Esta atividade desenvolvida no âmbito do FUTURO - projeto das 100.000 árvores na Área Metropolitana do Porto, é promovida pela Câmara Municipal de Gondomar em colaboração com o CRE.Porto. As árvores são provenientes do programa Floresta Comum.

sexta-feira, 11 de outubro de 2013

Monte Padrão aguarda nova visita


No próximo dia 19 de outubro, os voluntários do FUTURO voltam a Monte Padrão onde já foram plantadas cerca de 6700 árvores durante as duas épocas de plantação do projeto. Os participantes vão fazer a manutenção de algumas parcelas arborizadas, nomeadamente cuidar e realizar uma retancha.

Participe! É grátis, divertido e vai (re)visitar um dos locais mais bonitos da região! :)

As nossas árvores para esta época...

As nossas árvores e arbustos para esta época já nos foram atribuídas pelo Programa Floresta Comum. Para a época 2013/14 receberemos 11.815 exemplares de 29 espécies distintas. Já estamos a fazer os preparativos para ir para o terreno! Em breve daremos mais novidades.

Espinho adere ao FUTURO - projeto das 100.000 árvores na Área Metropolitana do Porto

O município de Espinho aderiu recentemente ao FUTURO - projeto das 100.000 árvores na Área Metropolitana do Porto. Estamos já a planear as intervenções para esta época no Castro de Ovil, uma simpática área arqueológica onde teremos um excelente campo experimental para controlo de plantas invasoras e plantação e cuidade de árvores e arbustos nativos.

Com a adesão de Espinho já estão envolvidas no projeto 14 municípios da Área Metropolitana do Porto.

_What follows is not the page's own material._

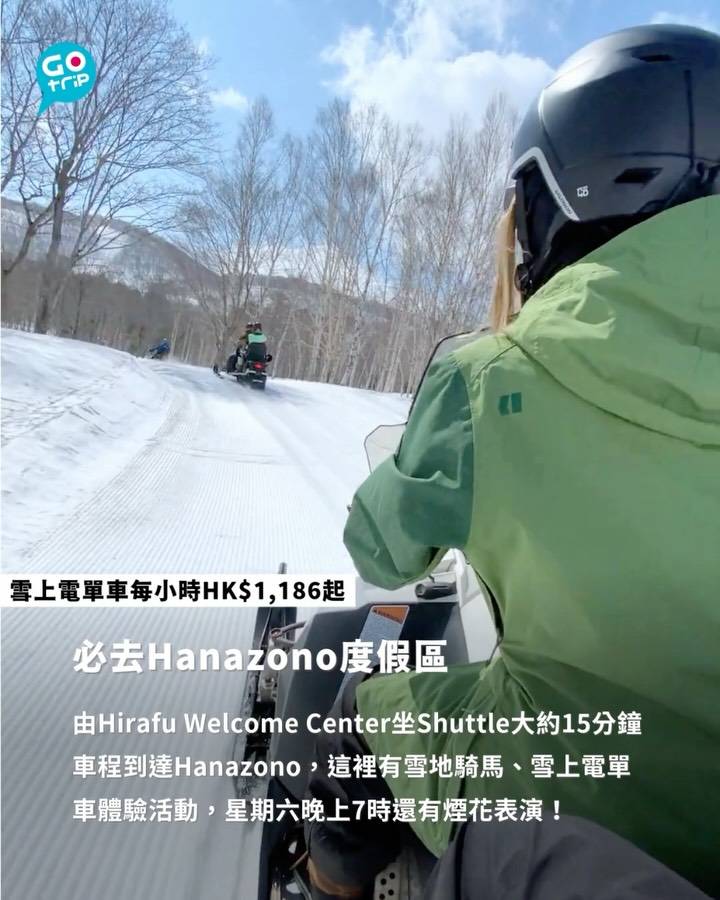 由Hirafu Welcome Center坐Shuttle大約15分鐘車程到達Hanazono,這裡有雪地騎馬、雪上電單車體驗活動,冬季每逢星期六晚上7時還有煙花表演! 雪上電單車有分單人和雙人,每小時HK$1,186起。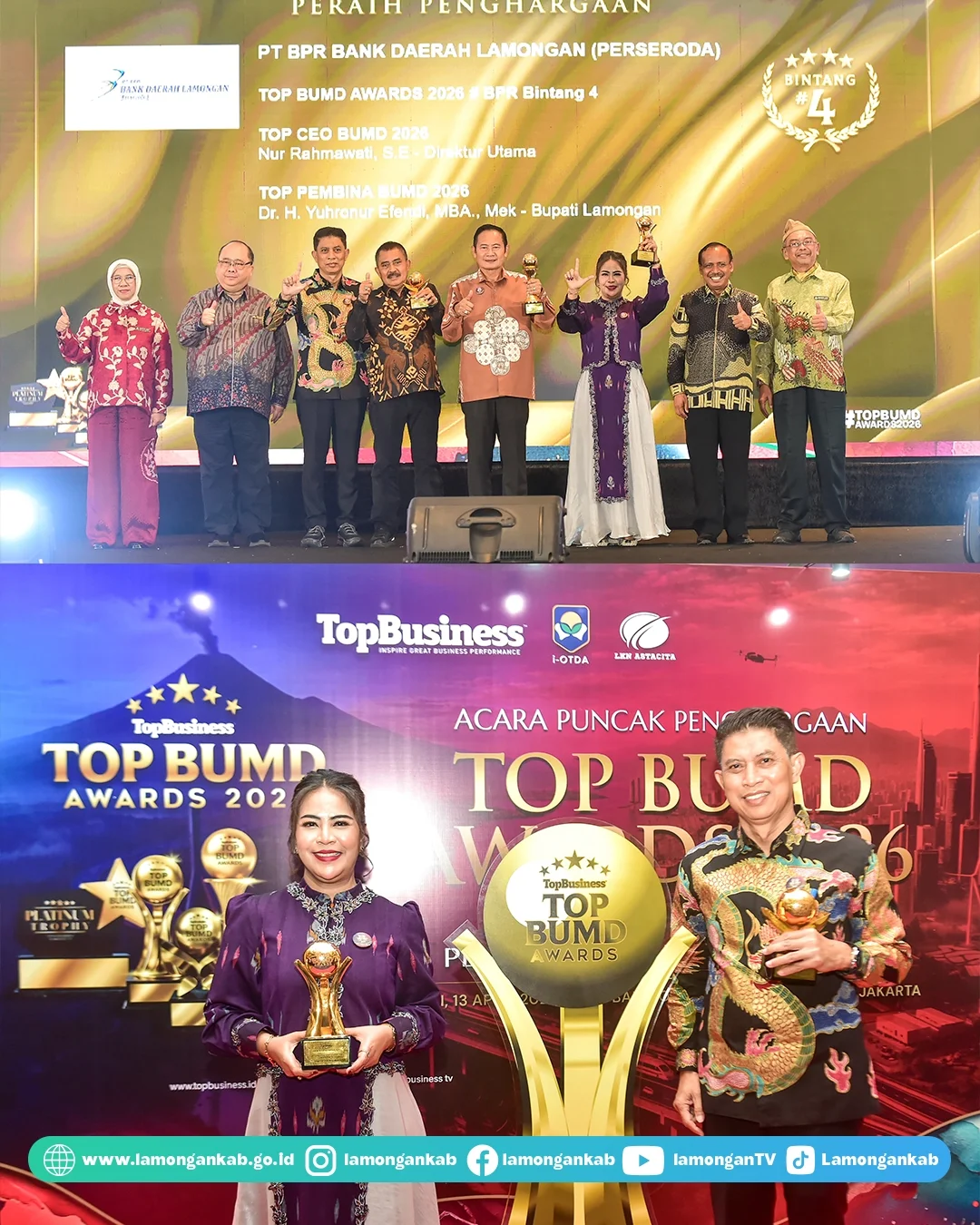 Pada ajang tersebut, PT. BPR Bank Daerah Lamongan juga berhasil meraih penghargaan Bintang 4 Top BUMD 2026, sebagai bentuk apresiasi atas kinerja perusahaan yang unggul dan berkelanjutan. Selain itu, Direktur Utama Rahmawati juga turut dianugerahi penghargaan Top CEO 2026 atas kepemimpinannya dalam meningkatkan daya saing perusahaan.

quarta-feira, 9 de outubro de 2013

Árvores com história: Aveleira [Corylus avellana]

Foto & Texto: Marta Pinto
A Aveleira (Corylus avellana) é um arbusto ou pequena árvore da nossa flora nativa (família Betulaceae, que também inclui o amieiro e a bétula). Geralmente não ultrapassa os 6 metros de altura e ramifica-se desde a base não apresentando um tronco principal bem definido. As folhas são caducas, rugosas, com nervuras bem marcadas, alargadas, de contorno arredondado e com bordo duplamente serrilhado. Floresce ainda no inverno (a partir de janeiro) e as avelãs estão maduras entre julho e outubro. Prefere sitios frescos e sombrios e associa-se a carvalhos, acers, freixos.

O termo avelã parece originar-se do latim 'abellana nux' que quer dizer noz de Abella, um povoado de Campania (sul da Itália), onde abundavam as aveleiras.

A mitologia de várias culturas atribui à aveleira distintos poderes. Senão vejamos, entre os povos nórdicos e germânicos a aveleira era usada nos rituais de casamento porque se lhe atribuia o dom da fertilidade. Restos desta tradição ainda se conservam hoje em dia em Inglaterra: no condado de Dorset é habitual que os noivos visitem uma velha aveleira (em Cernehbbas) e cortem juntos um raminho desta, na véspera do casamento. Na região ucraniana de Volinia, durante o banquete de casamento a sogra lança avelãs e aveia à cebeça do genro para que ele cumpra como agente fecundador da mulher e dos campos.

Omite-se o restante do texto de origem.